We dont have any tests exercising this code in CI/CD but I updated the relevant tests in test_fp8 and they are all green:
Screenshot 2024-12-05 at 7 24 07 PM

Follow Ups

  • Work to update the base mm triton templates and utilize the same template from mm/addmm/scaled_mm w/ respective epilogues
  • Tuning on Persistent kernel configs. I found ones that work for my problem shapes but need to do some more NCU work

Some profiling code I was using

Code I am using to iterate w/

import torch
from dataclasses import dataclass
from jsonargparse import CLI
import logging
from pathlib import Path

from transformer_nuggets.utils.benchmark import ProfileConfig, profile_function
from torchao.float8.inference import (
    addmm_float8_unwrapped_inference,
    preprocess_data,
    Float8MMConfig,
)
from transformer_nuggets.fp8.fp8_matmul import (
    matmul_persistent,
    matmul_tma_persistent,
    matmul_device_tma_persistent,
)
from enum import Enum

logging.getLogger("transformer_nuggets").setLevel(logging.INFO)


class FP8Kernel(Enum):
    PERSISTENT = "Persistent"
    PERSISTENT_TMA = "Persistent-TMA"
    DEVICE_TMA = "Device-TMA"
    SCALED_MM = "Scaled-MM"


class ScalingStrategy(Enum):
    PER_TENSOR = "PerTensor"
    PER_ROW = "PerRow"


@dataclass(frozen=True)
class ExperimentConfig:
    M: int
    K: int
    N: int
    scaling_strategy: ScalingStrategy
    fp8_kernel: FP8Kernel
    compile: bool


def get_fp8_matmul(
    A: torch.Tensor,
    B: torch.Tensor,
    scaling_strategy: ScalingStrategy,
    fp8_kernel: FP8Kernel,
):
    A_fp8 = A.to(torch.float8_e4m3fn)
    B_fp8 = B.to(torch.float8_e4m3fn)
    A_fp8, B_fp8 = preprocess_data(A_fp8, B_fp8, Float8MMConfig(use_fast_accum=True))
    
    if scaling_strategy == ScalingStrategy.PER_TENSOR:
        a_scale = torch.tensor(1, device="cuda", dtype=torch.float32)
        b_scale = torch.tensor(1, device="cuda", dtype=torch.float32)
    elif scaling_strategy == ScalingStrategy.PER_ROW:
        a_scale = torch.ones((A_fp8.size(0), 1), device="cuda", dtype=torch.float32)
        b_scale = torch.ones((B_fp8.size(1), 1), device="cuda", dtype=torch.float32).T
    else:
        raise ValueError(f"Invalid scaling strategy: {scaling_strategy}")

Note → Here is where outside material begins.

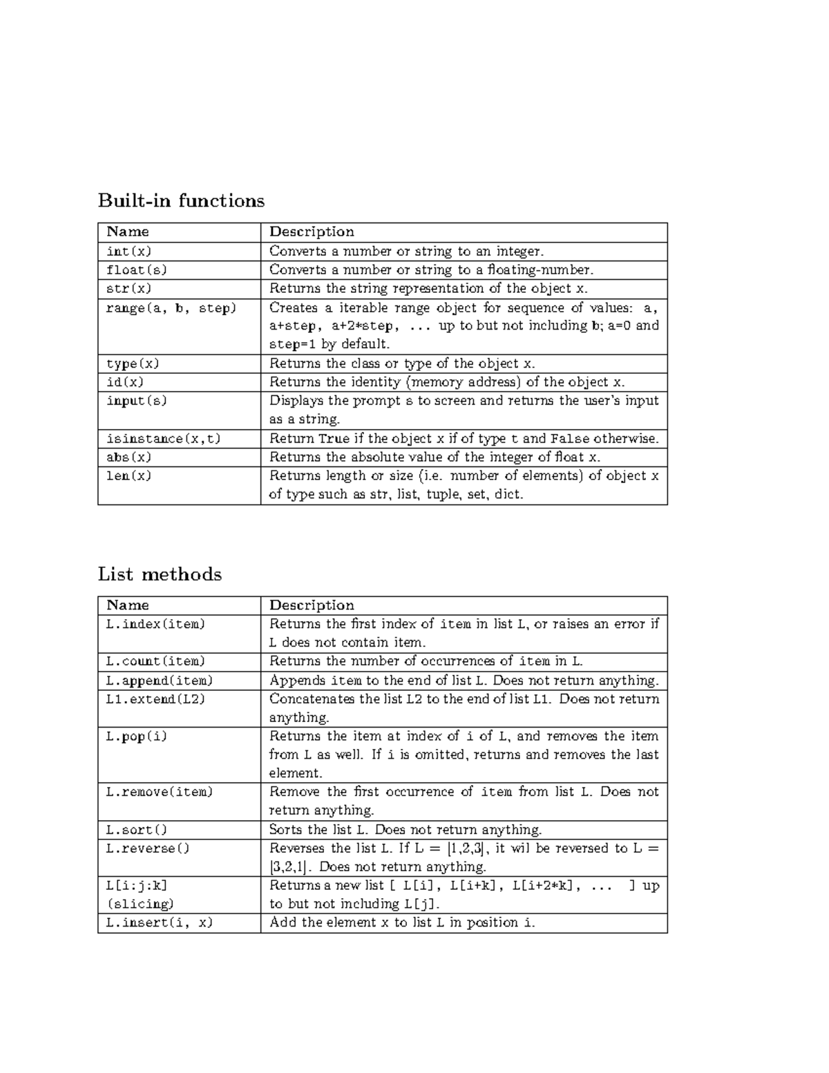 Midterm 2 Helper Sheet: Python Functions & List Methods - Studocu

    assert fp8_kernel == FP8Kernel.SCALED_MM
    return lambda: addmm_float8_unwrapped_inference(
        A_fp8, a_scale, B_fp8, b_scale, output_dtype=torch.bfloat16, use_fast_accum=True
    )


def run_matmul(config: ExperimentConfig):
    device = torch.device("cuda" if torch.cuda.is_available() else "cpu")
    A = torch.randn(config.M, config.K, device=device, dtype=torch.bfloat16)
    B = torch.randn(config.K, config.N, device=device, dtype=torch.bfloat16)

    fp8_matmul = get_fp8_matmul(A, B, config.scaling_strategy, config.fp8_kernel)

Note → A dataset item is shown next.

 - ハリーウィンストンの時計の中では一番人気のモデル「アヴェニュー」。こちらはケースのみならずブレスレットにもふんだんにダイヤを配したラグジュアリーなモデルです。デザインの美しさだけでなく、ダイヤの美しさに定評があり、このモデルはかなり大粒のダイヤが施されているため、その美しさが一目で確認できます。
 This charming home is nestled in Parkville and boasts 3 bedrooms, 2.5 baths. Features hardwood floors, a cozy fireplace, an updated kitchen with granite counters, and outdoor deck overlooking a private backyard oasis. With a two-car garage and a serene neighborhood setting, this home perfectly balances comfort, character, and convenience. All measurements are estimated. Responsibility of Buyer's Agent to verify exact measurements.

    if config.compile and config.fp8_kernel == FP8Kernel.SCALED_MM:
        fp8_matmul = torch.compile(fp8_matmul, mode="max-autotune-no-cudagraphs")


    _ = fp8_matmul()

    return


def main():
    torch.random.manual_seed(123)

    # Define your experiment configuration here
    config = ExperimentConfig(
        M=8192,
        K=8192,
        N=8192,
        scaling_strategy=ScalingStrategy.PER_TENSOR,
        fp8_kernel=FP8Kernel.SCALED_MM,
        compile=True,
    )

    run_matmul(config)


if __name__ == "__main__":
    CLI(main)

cc @voznesenskym @penguinwu @EikanWang @jgong5 @Guobing-Chen @XiaobingSuper @zhuhaozhe @blzheng @wenzhe-nrv @jiayisunx @ipiszy @yf225 @chenyang78 @kadeng @muchulee8 @ColinPeppler @amjames @desertfire @chauhang @aakhundov

[ghstack-poisoned]
@pytorch-bot
Copy link

pytorch-bot bot commented Dec 4, 2024

🔗 Helpful Links

🧪 See artifacts and rendered test results at hud.pytorch.org/pr/142045

Note: Links to docs will display an error until the docs builds have been completed.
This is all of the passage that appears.